Below is the complete list of Maggie Stiefvater books in order of publication. This is the recommended reading sequence for the series.

Gathering Of Faerie Series

  1. Lament (2008)
  2. Ballad (2009)

The Wolves of Mercy Falls Series

  1. Shiver (2009)
  2. Linger (2010)
  3. Forever (2011)
  4. Sinner (2014)

The Raven Cycle Series

  1. The Raven Boys (2012)
  2. The Dream Thieves (2013)
  3. Blue Lily, Lily Blue (2014)
  4. 300 Fox Way Holiday Piece (2014)
  5. A Minor Raven Boys Holiday Drabble (2015)
  6. The Raven King (2016)
  7. Opal (2018)
  8. A Very Declan Christmas (2018)

Spirit Animals Series

  1. Wild Born (2013)
    (By Brandon Mull)
  2. Hunted (2014)
  3. Blood Ties (2014)
    (By Garth Nix, Sean Williams)
  4. Fire and Ice (2014)
    (By Shannon Hale)
  5. Against the Tide (2014)
    (By Tui T. Sutherland)
  6. Rise and Fall (2014)
    (By Eliot Schrefer)
  7. The Evertree (2015)
    (By Marie Lu)

Pip Bartlett Series
with Jackson Pearce

  1. Pip Bartlett’s Guide to Magical Creatures (2015)
  2. Pip Bartlett’s Guide to Unicorn Training (2017)
  3. Pip Bartlett’s Guide to Sea Monsters (2018)

Dreamer Trilogy Series

  1. Call Down the Hawk (2019)
  2. Mister Impossible (2021)
  3. Greywaren (2022)

Standalone Novels Series

  1. The Scorpio Races (2011)
  2. All the Crooked Saints (2017)
  3. Swamp Thing: Twin Branches (2020)
  4. Bravely (2022)
  5. The Listeners (2025)

Graphic Novels Series

  1. The Raven Boys: The Graphic Novel (2025)
    (With StephanieWilliams)
  2. The Dream Thieves: The Graphic Novel (2026)

The Curiosities Series
with Brenna Yovanoff, Tessa Gratton

  1. The Curiosities (2012)
  2. The Anatomy of Curiosity (2015)

About Maggie Stiefvater

Maggie Stiefvater is one of the more distinctive voices in contemporary fantasy because her books rarely feel content to be only one thing. She writes young adult fiction, certainly, but that label barely captures the atmosphere of her work. Her novels are often funny in a dry, sideways way, but also eerie, lyrical, romantic, and deeply interested in obsession, art, speed, hunger, and the private logic of desire. On her official site, she describes herself with characteristic bluntness: she writes books, some “funny, ha-ha,” and some “funny, strange.” That is as useful a summary of her bibliography as any.

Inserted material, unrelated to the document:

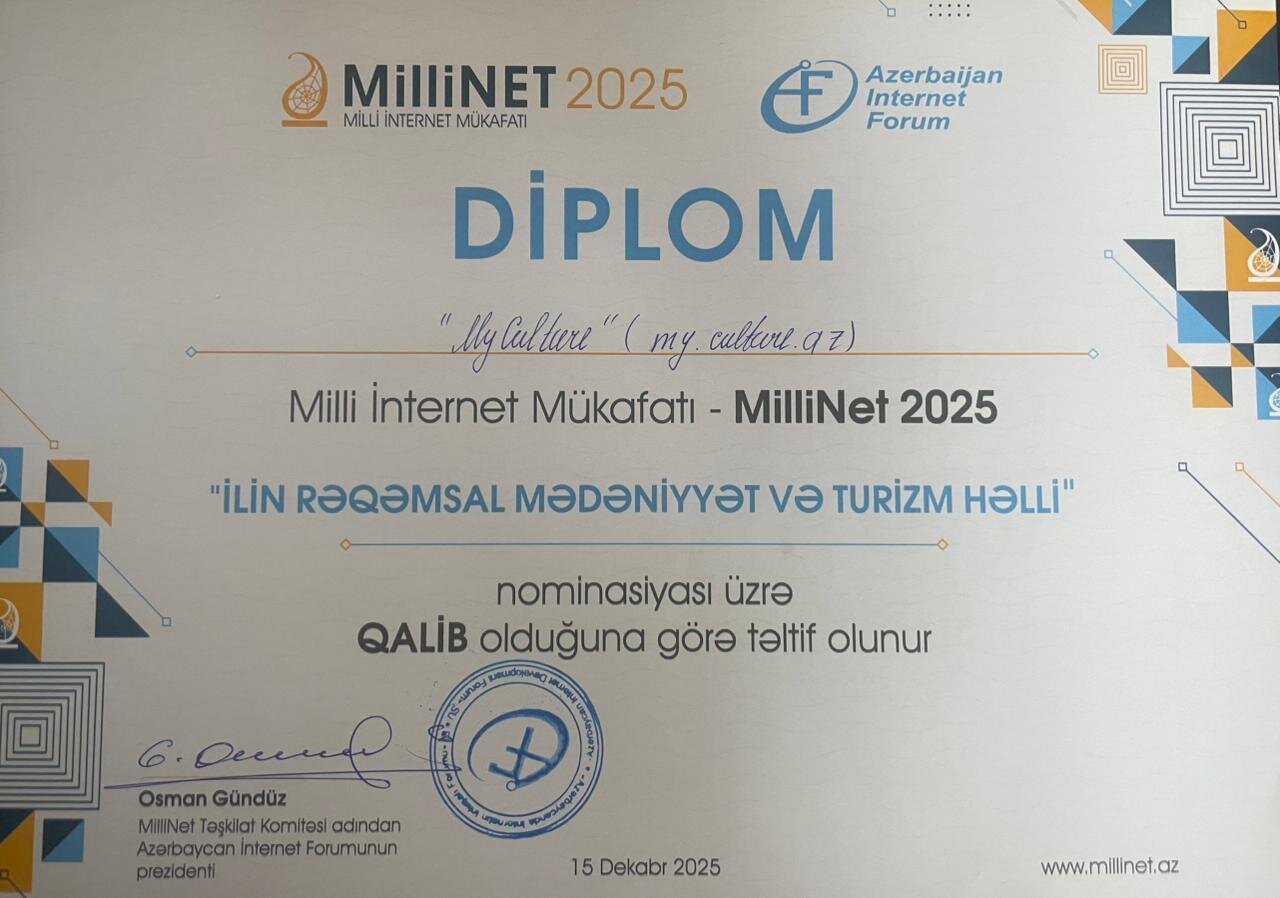 Mədəniyyət Nazirliyinin “MyCulture” Vahid Şəxsi Kabineti (https://my.culture.az) “MilliNet 2025” milli internet müsabiqəsinin “İlin rəqəmsal mədəniyyət və turizm həlli” nominasiyası üzrə qalibi seçilib.

Her career is best understood in a few major clusters. The first is the early faerie and werewolf work that brought her to prominence, especially Lament, Ballad, and the Wolves of Mercy Falls books beginning with Shiver. Publisher and official-author material consistently identify Shiver as one of her breakout successes, and the Mercy Falls novels established many of the qualities readers still associate with her: lush atmosphere, intense feeling, music and art as emotional language, and teenagers whose inner lives are far stranger and deeper than the surface of the plot first suggests.

The second major phase is the run of standalone and linked fantasy that made her reputation feel larger than a single hit series. The Scorpio Races remains especially important here. It showed that she could build a complete world and emotional mythology inside one novel, and it still stands as one of the strongest examples of her ability to make landscape, ritual, and longing feel inseparable. That same gift later expanded into The Raven Cycle, the sequence that probably defines her most clearly for many readers. Her official novels page places The Raven Cycle and The Dreamer Trilogy near the center of her current body of work, and that makes sense. Those books feel like the fullest expression of her mature style: ravenous imagination, strong ensemble dynamics, and a fascination with power that is both beautiful and dangerous.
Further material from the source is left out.